Be very cautious when dealing with oxygen - and don't mess around with fire.
 

jmcquate

Well-Known Member
Contributor
Remember when it happened (DC-9?), the FAA figured it out pretty quickly, but as I recall some high up heads rolled. ValueJet is AirTran now.
 

Randy Daytona

Cold War Relic
pilot
Super Moderator
https://en.wikipedia.org/wiki/Hindenburg_disaster

You would've thought they'd learned by now. I enjoy Air Disasters, but I wouldn't exactly call it "fascinating"

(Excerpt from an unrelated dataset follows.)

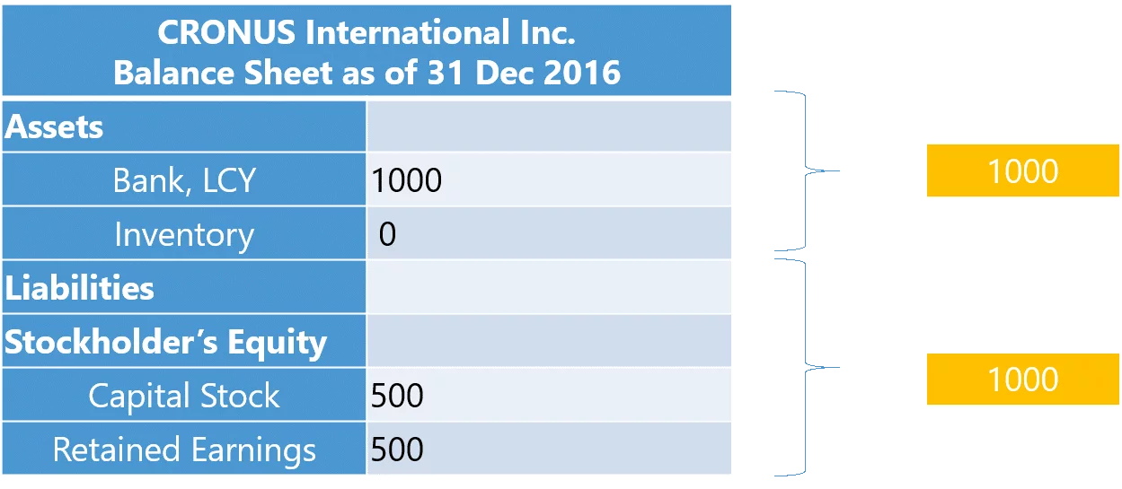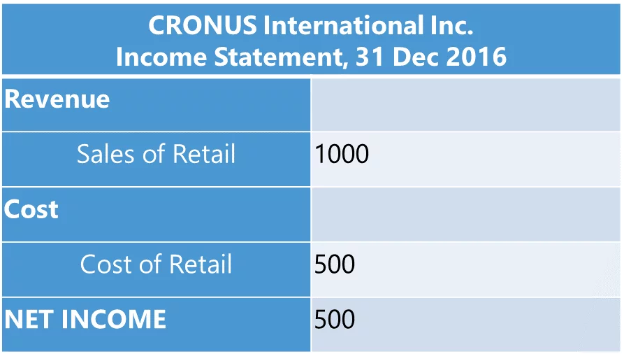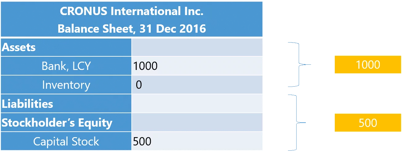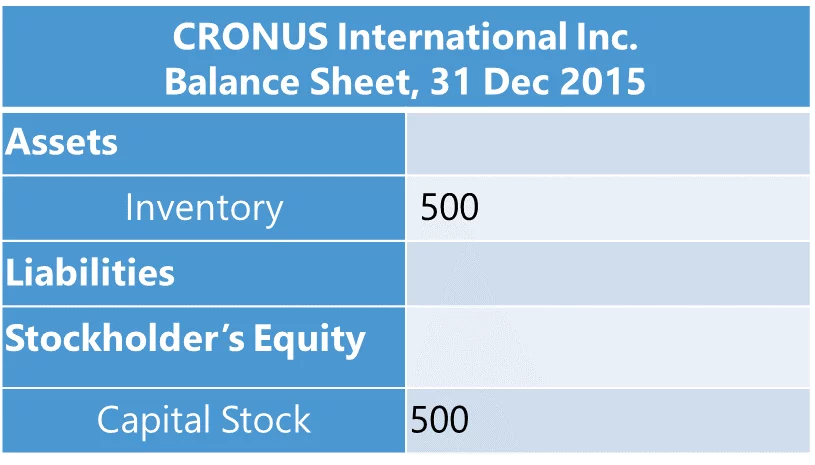 Suppose CRONUS International Inc. has been founded in year 2015. The stockholder invested $500 into the company’s capital, which has been recklessly spent on a purchase of one bicycle.

Last week was the story of the rudder reversals that crashed both a United 737 and a USAir 737. Forgot the airline where the pilot got lucky and landed with a problem. Found out it was a combination that had not been tested - a supercooled valve that had very hot hydraulic fluid pumped through - caused the valve to either jam or reverse.
 

MIDNJAC

is clara ship
pilot
I thought Valujet, in some weird turn of ownership survival, has become Allegiant? No?
 

Hopeful Hoya

Well-Known Member
pilot
Contributor
I thought Valujet, in some weird turn of ownership survival, has become Allegiant? No?

No, they merged with AirTran, and even though ValuJet was the nominal survivor, they retained AirTran's name and branding due to ValuJet's horrid reputation.
 

707guy

"You can't make this shit up..."
Last week was the story of the rudder reversals that crashed both a United 737 and a USAir 737. Forgot the airline where the pilot got lucky and landed with a problem. Found out it was a combination that had not been tested - a supercooled valve that had very hot hydraulic fluid pumped through - caused the valve to either jam or reverse.

Read this book about that crash and the investigation. A lot of determination on the NTSB's part to find the cause. They really did a lot of testing on those rudder valves before they found that problem. Rather like the TWA 800 accident - a "ghost" of a problem that took certain circumstances to occur.